In my personal lawsuit against the Department of Veterans affairs for my unlawful removal.
way back six years ago, we.
Still haven't gone to trial. I wasn't allowed to bring a First Amendment case, for free speech because of Bivens. That's how I personally became aware of what Bivens was, and the Bivens restrictions. Before I let you go, I just wanted to ask you. we all saw, with our own eyes and heard with our own ears what happened on Saturday morning, with the murder of Department of Veterans Affairs ICU nurse, Alex Preddy. And we had, FBI on the scene, and then they were told to.
Leave, and DHS took over the investigation.
And again, just like the murder of.
Not FBI, Right. The locals. The state police in Minnesota.

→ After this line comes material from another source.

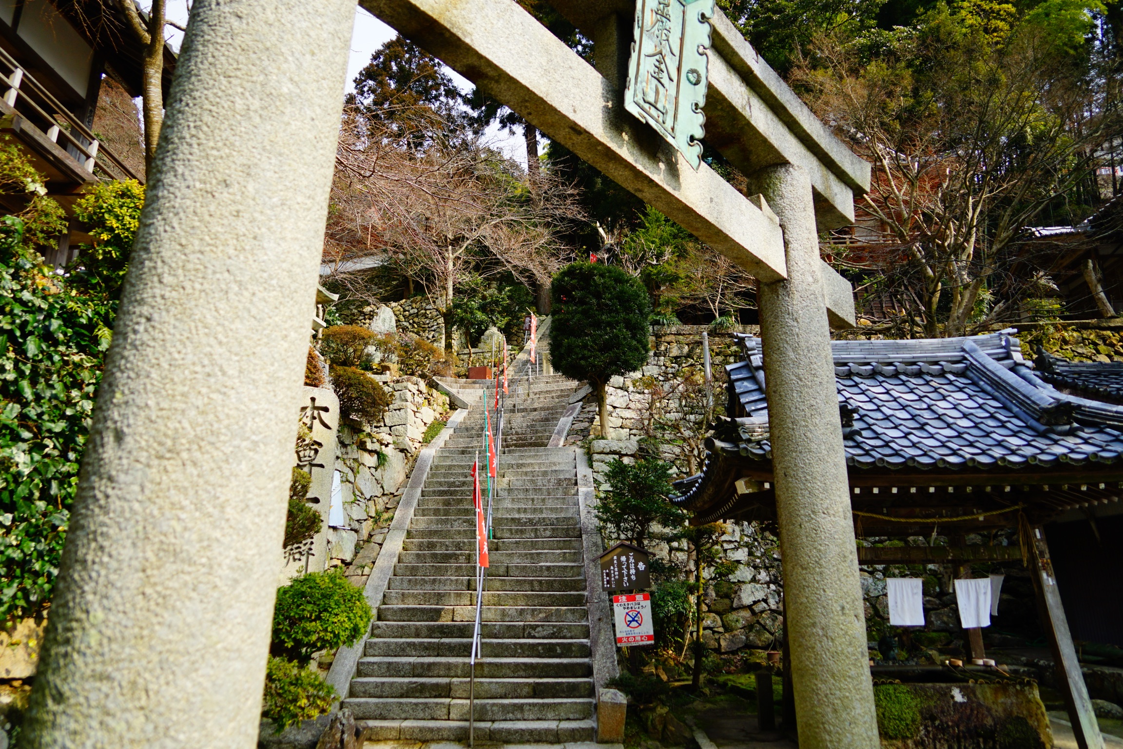 最初の石段を登りきったところにある鳥居には厳金山の扁額が付けられており都久夫須麻神社と一体の神仏習合の時代を偲ばせます。こちらも他の多くのお寺と同様に明治初期の神仏分離令以前は神社と一体となった信仰霊場を形作っていました。

Yeah. And they were trying to secure the crime scene. And dhs, or. Yeah, DHS was telling them to leave, and DHS took over the investigation, not even letting the FBI in on it, because I guess Kash Patel screwed up the first one. Screwed up the COVID up of the first one. But, m. You know, when we talk about supremacy clause and sovereignty of the state to investigate its own crimes and being blocked out of getting evidence in both of these cases, how likely is it. I mean, we did get that temporary restraining order very late last night, from the courts blocking, dhs, FBI, from destroying or tampering with evidence. and kudos to those lawyers who worked all day on a Saturday and were able to secure that temporary restraining.
Order within the day.
but how likely is it, does that set up for maybe a warrant to try to get this evidence from Minnesota? I mean, what does that even look like to try to get. Cause I asked Andy, and he's like, I've never seen it. In the whole time I ever worked for the FBI, we've never iced out anything. Local investigators, what does that look like?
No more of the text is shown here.